* **What needs to be done**: Give the data below again exactly as written, but without the pictures.

[Stored data]
==================================================

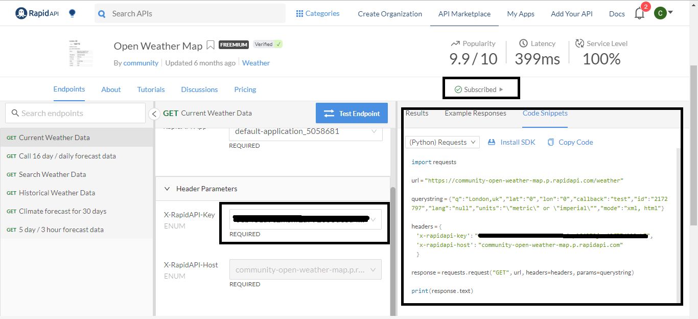 We have subscribed to rapidapi.com's Open Weather Map API and got its API key, and installed the Python requests library to send HTTP requests to the API endpoint.
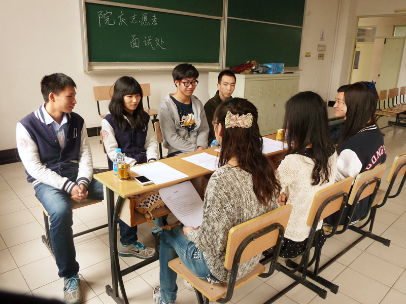 在为期四天的志愿者招募中,虽常伴小雨,却丝毫不减同学们的报名热情。前来报名的同学从11级至13级都表示愿意为此次院庆做出自己的贡献。 4月1日进行的长达七个小时的面试,同学们手拿报名表各个怀揣热情信心满满,陈述着自己对于院庆的见解以及成为此次院庆志愿者的渴望。此次招募的院庆志愿者分为五种,即骨干志愿者、会务志愿者、礼仪志愿者、宣传志愿者以及嘉宾随员志愿者。
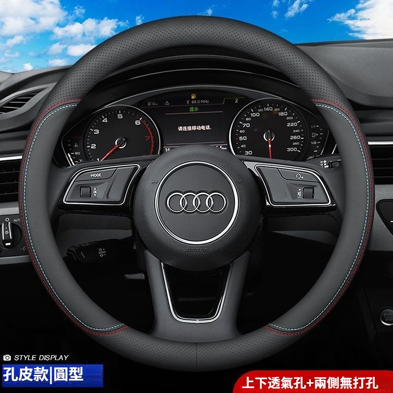 超薄雙色線款-圓形-【打孔款】真皮方向盤套
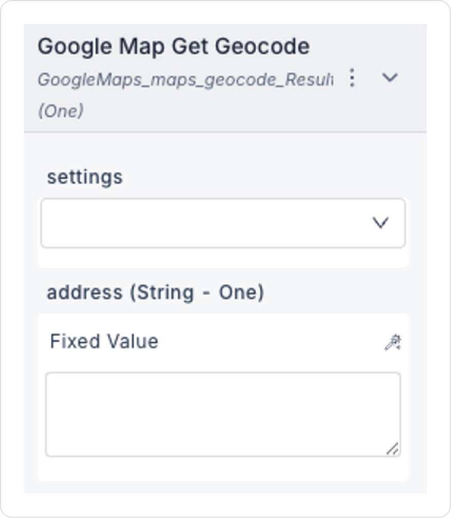 settings: Config Manager’da oluşturulan Google Map ayarı seçilir.address (String): Kullanıcı tarafından girilen okunabilir adres. (Örn: "İstiklal Caddesi, Beyoğlu, İstanbul")Output:
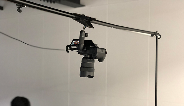 結果として、会議用テーブルをまたぐようにバックペーパー用のポールセットを設置し、ポールの真ん中に強力な撮影用クリップ雲台でS1Hを吊り下げた。こんな簡易的なセットでもミラーレス一眼であれば吊り下げる事は難しくない。一般的なシネマカメラから見れば、S1Hはほとんどウェアラブルカメラの域だ。天井が低く高さはそれほど確保できなかったため、広角レンズで撮影するしかなかったが、フルフレームであれば画角に余裕もあり、極端に広角にしなければ歪みもそれほど感じない。
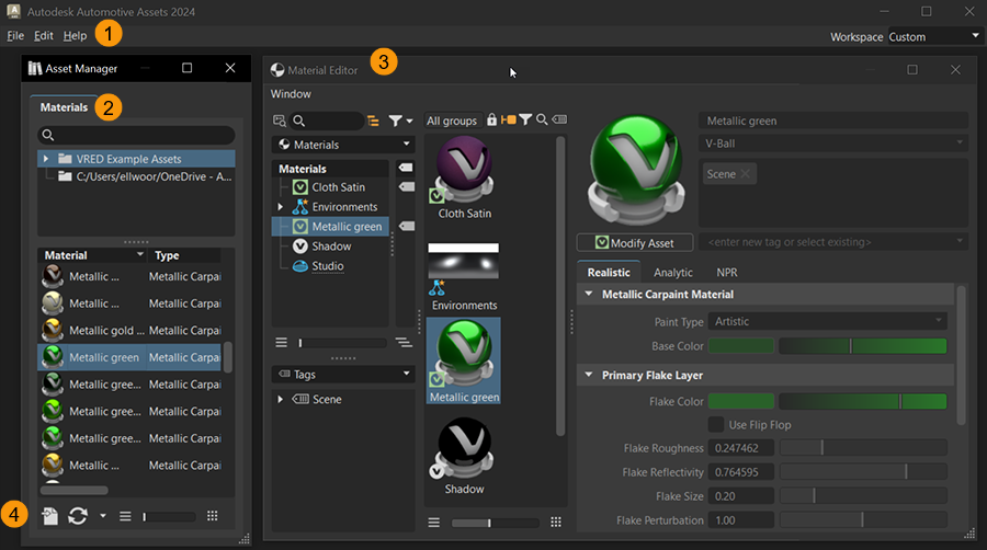 有关材质设置和 Asset Manager 的信息,请参见 VRED 帮助。

==================================================

* **Finished task**:
 We have subscribed to rapidapi.com's Open Weather Map API and got its API key, and installed the Python requests library to send HTTP requests to the API endpoint.
 在为期四天的志愿者招募中,虽常伴小雨,却丝毫不减同学们的报名热情。前来报名的同学从11级至13级都表示愿意为此次院庆做出自己的贡献。 4月1日进行的长达七个小时的面试,同学们手拿报名表各个怀揣热情信心满满,陈述着自己对于院庆的见解以及成为此次院庆志愿者的渴望。此次招募的院庆志愿者分为五种,即骨干志愿者、会务志愿者、礼仪志愿者、宣传志愿者以及嘉宾随员志愿者。
 超薄雙色線款-圓形-【打孔款】真皮方向盤套
 settings: Config Manager’da oluşturulan Google Map ayarı seçilir.address (String): Kullanıcı tarafından girilen okunabilir adres. (Örn: "İstiklal Caddesi, Beyoğlu, İstanbul")Output:
 結果として、会議用テーブルをまたぐようにバックペーパー用のポールセットを設置し、ポールの真ん中に強力な撮影用クリップ雲台でS1Hを吊り下げた。こんな簡易的なセットでもミラーレス一眼であれば吊り下げる事は難しくない。一般的なシネマカメラから見れば、S1Hはほとんどウェアラブルカメラの域だ。天井が低く高さはそれほど確保できなかったため、広角レンズで撮影するしかなかったが、フルフレームであれば画角に余裕もあり、極端に広角にしなければ歪みもそれほど感じない。
 有关材质设置和 Asset Manager 的信息,请参见 VRED 帮助。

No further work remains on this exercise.